Anne Elizabeth Ramsay as Ensign Clancy in Star Trek: TNG

  • Making her first TNG appearance as Ensign Clancy in this hour was Anne Elizabeth Ramsay. The actress reprised the role in “The Emissary,” also in season two. Ramsay went on to a busy career as an actress. She co-starred as Lisa Stemple, the dysfunctional sister of Helen Hunt’s character, in 123 episodes of Mad About You, recurred on Six Feet Under, Dexter, The Secret Life of The American Teenager and Hart of Dixie, and most recently appeared on Animal Kingdom.

Moriarty in Star Trek: TNG “Elementary, Dear Data”

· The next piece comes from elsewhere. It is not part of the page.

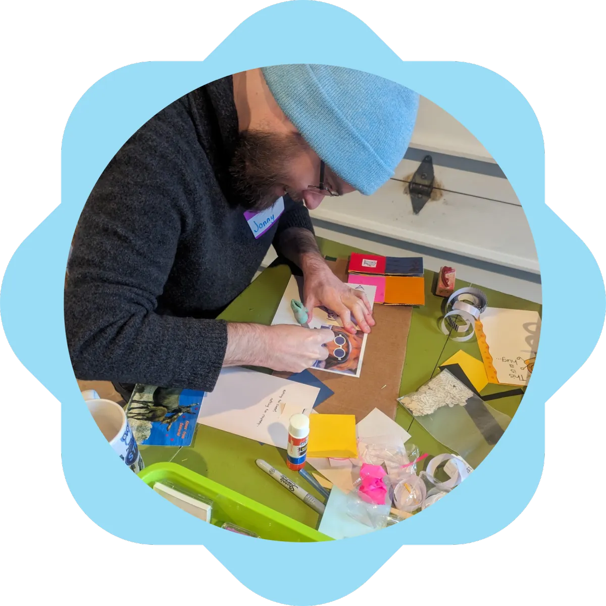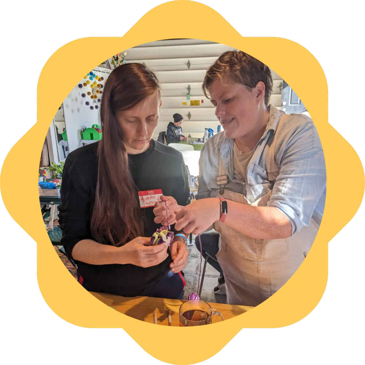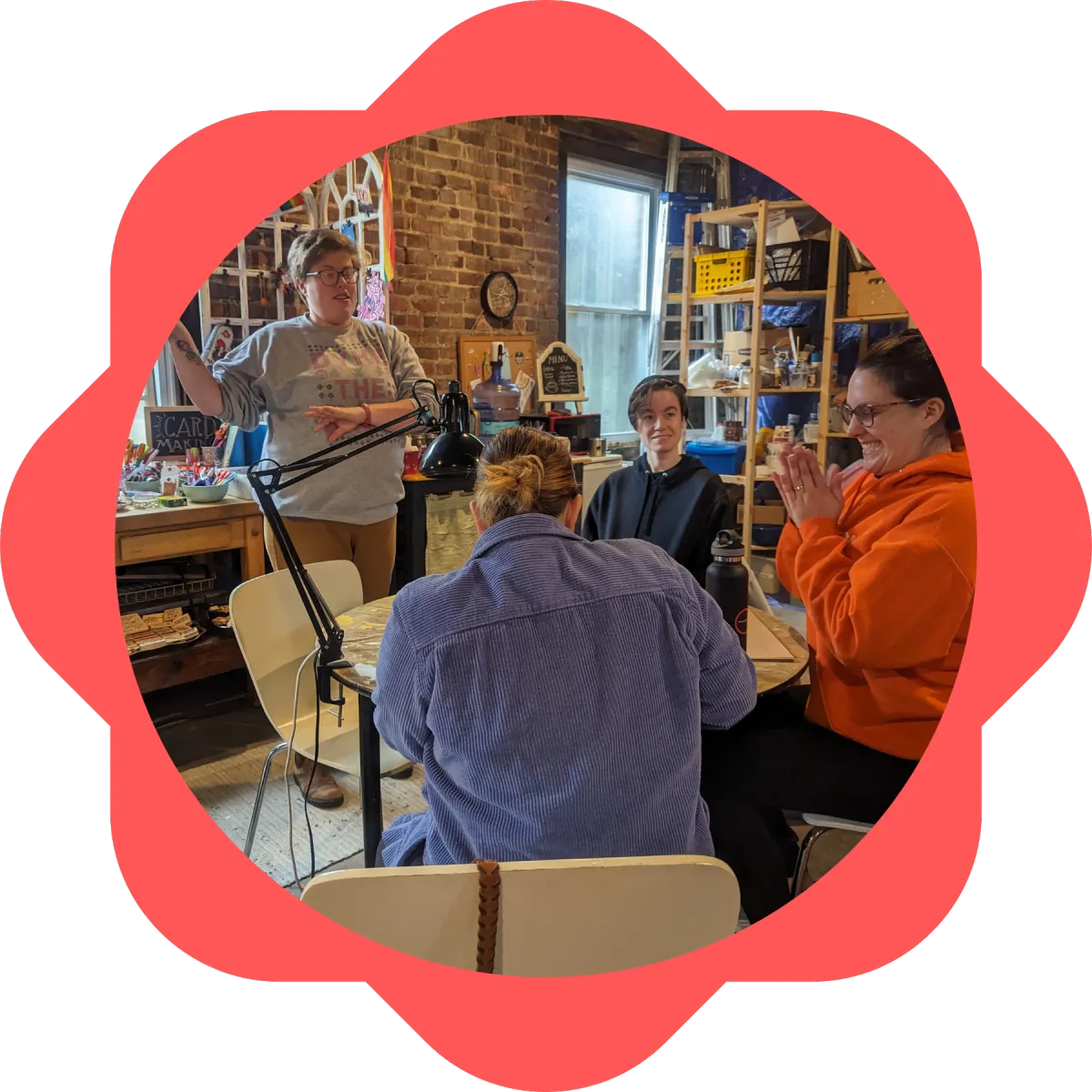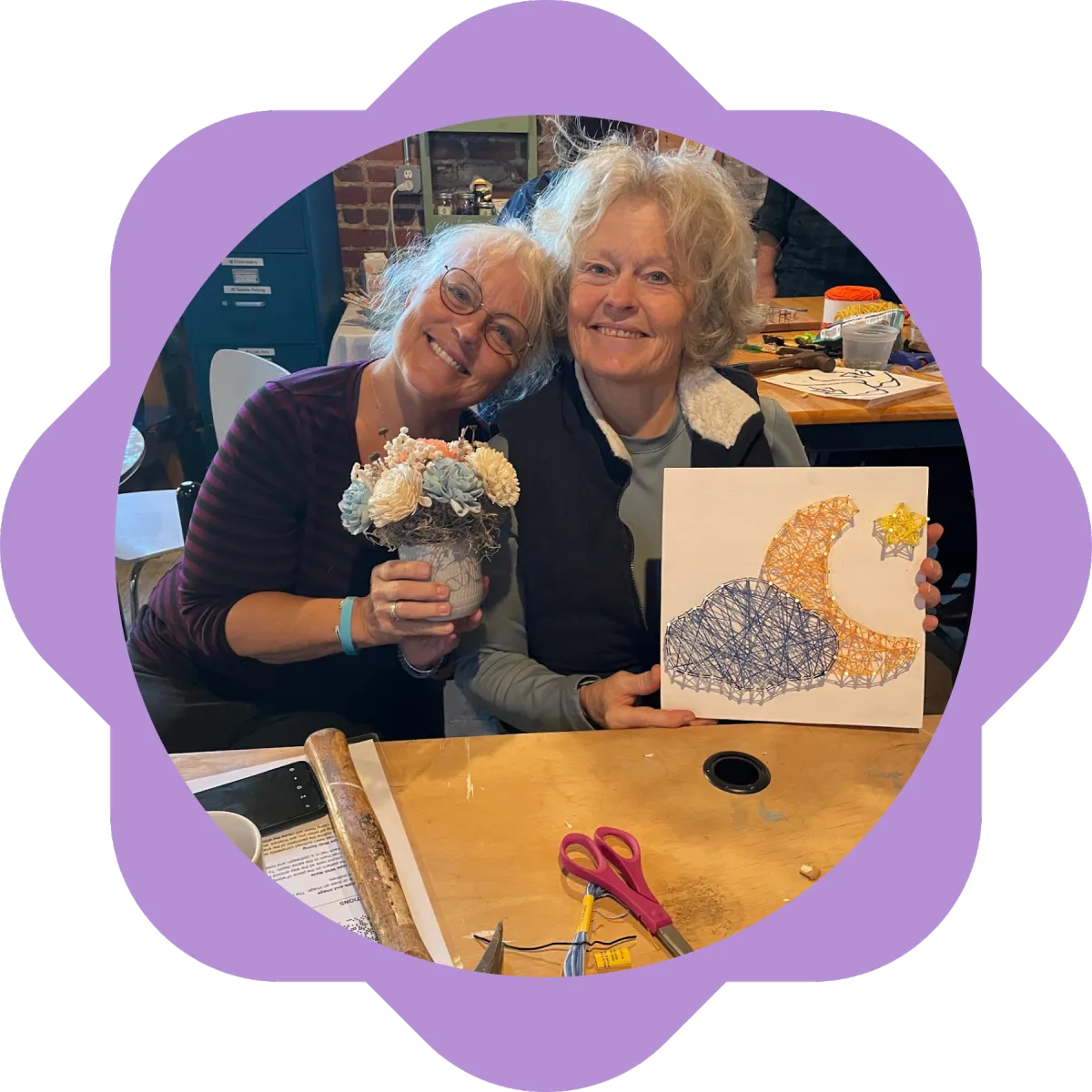 A safe space for people to spark their creativity and have shared creative experiences. We want you to relax, be creative, make new friends, and develop hands-on skills. We take care of all the planning, tools, materials, and clean up.

  • Daniel Davis, in a conversation with StarTrek.com, discussed the development of Moriarty in “Elementary, Dear Data”: “He’s usually depicted as a real villain, as a real melodramatic, mustache-twirling villain. And in this Star Trek incarnation of it he’s someone who starts out that way, as the computer was programmed to create a villain who could match Data’s intelligence, so that solving the riddle of that episode would be more difficult for Data and Geordi would have more fun as Watson. But then the character becomes, very quickly, a sentient being and aware that he is involved in some sort of a game. He’s aware that he’s not real, but he feels real and he begins to experience real feelings and real emotions. So it was a very clever episode and it depicted Moriarty with the power of a villain, but the mind of a human being who wants to be real. It was like Pinocchio; he just wants to be a real boy. And it was interesting how they solved the dilemma and put him in a computer chip.”
  • “Elementary, Dear Data” earned two Emmy Award nominations, one each for Outstanding Costume Design for a Series and Outstanding Art Direction for a Series.